Notisul – Traçaria outro caminho ou enfrentaria mais uma vez o trajeto percorrido desde a sua infância?
Vilmar Macari – Faria tudo de novo. Constituiria a minha família da mesma forma, passaria fome e trabalharia carregando e descarregando carga. Aprendi muito no meu passado e atualmente continuo aprendendo. O meu conselho para as pessoas mais jovens é que para conquistar algo precisamos ter amor, vontade, paciência, dedicação e humildade. O ser humano precisa ter esse último adjetivo em demasia e saber que nem tudo é uma competição, mas uma atividade. E neste trabalho muitas vezes não temos o discernimento de decidirmos na hora, mas em boa parte dele a paciência servirá para buscar as respostas para executar aquilo que nos foi confiado. Acima de mim tem muitos e abaixo também. Por isso é necessário ser humilde. Não conseguiremos a perfeição de nada, mas temos sempre que buscá-la.
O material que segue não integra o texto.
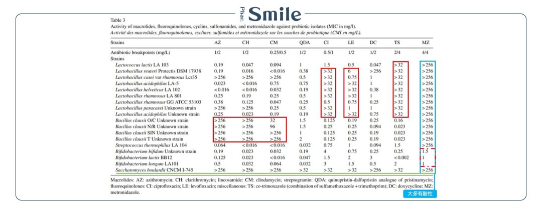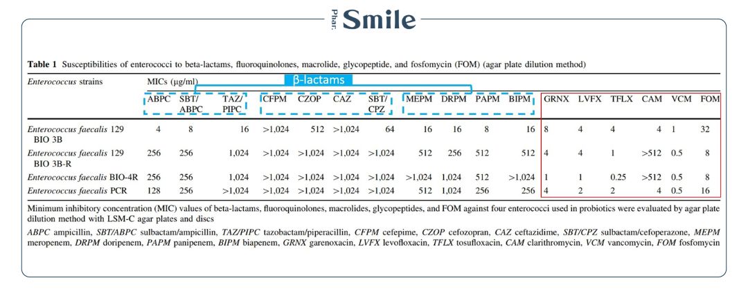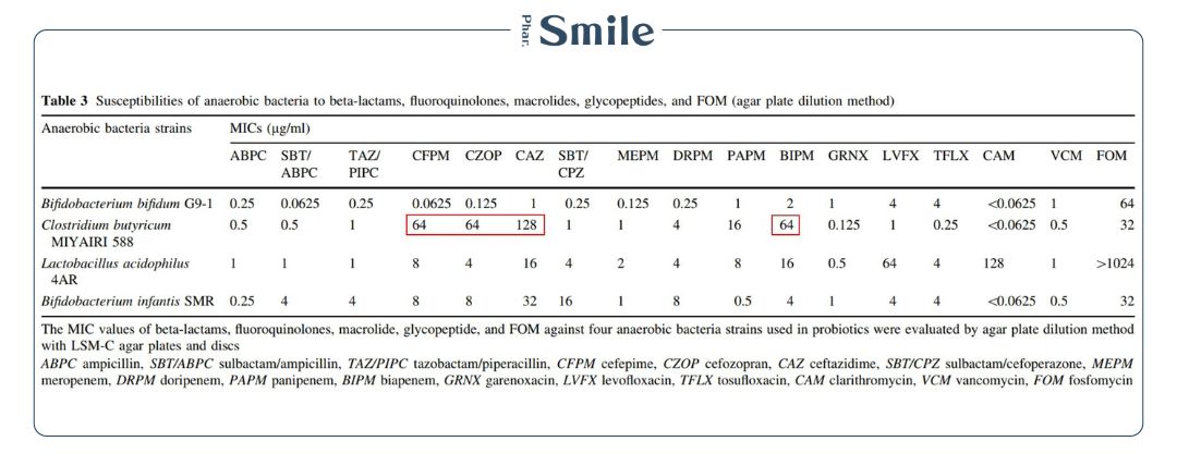 Clostridium butyricam MIYAIRI 588(BM菌)則對cepha類抗生素有點耐受性,但卻不敵常見的ampicillin抗生素。而B. bifidum G9-1、L. acidophilus 4AR及B. infantis SMR對大部分的抗生素都不具耐受性。

Notisul – São 36 anos em uma empresa com outros sócios. Como é o trabalho em sociedade e qual a importância dos colaboradores?
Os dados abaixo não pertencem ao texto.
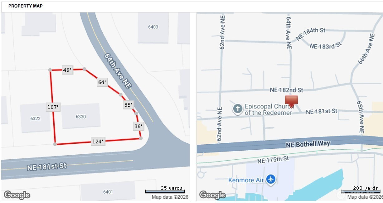 Sunny, 10,803 sf view property overlooking Lake Washington zoned CB (Community Business West) in Kenmore. Can support a 5 to 6-unit attached residential development. Initial 6-unit concept plan submitted for pre-application review by City of Kenmore. City review targeted for Feb 12th and will be uploaded to supplements. Corner lot, site has topo sloping uphill away road, down towards view, creating creating great lake view siting from all units. Anticipated level access from east off of 64th. Kenmore allows all trees to be removed in CB zoning. Subject to confirmation by City during pre-app process. Adjacent property to west also for sale, by others. Could support expanded development.

Vilmar Macari – São 30 funcionários capacitados. Éramos três sócios, porém um deles se aposentou e deixou a empresa. Nunca tivemos um problema sério ou briga. Em uma sociedade é necessário contemplar a harmonia. Para comandar o escritório é preciso participar ativamente do processo e ter em seus funcionários o maior patrimônio que a empresa pode ter. O computador ou a mesa não podem ser vistos desta maneira. Dou aos meus colaboradores o mesmo tratamento recebido pela minha família. E comandar uma empresa dentro deste nível é maravilhoso. Tenho que chegar no mínimo junto com os primeiros e sair com os últimos. Desta forma, eles se sentem protegidos e eu também me sinto assim. Não tem ninguém melhor do que o outro. Dentro de uma hierarquia todos somos importantes, um complementa o trabalho do outro. Só tenho elogios aos meus funcionários.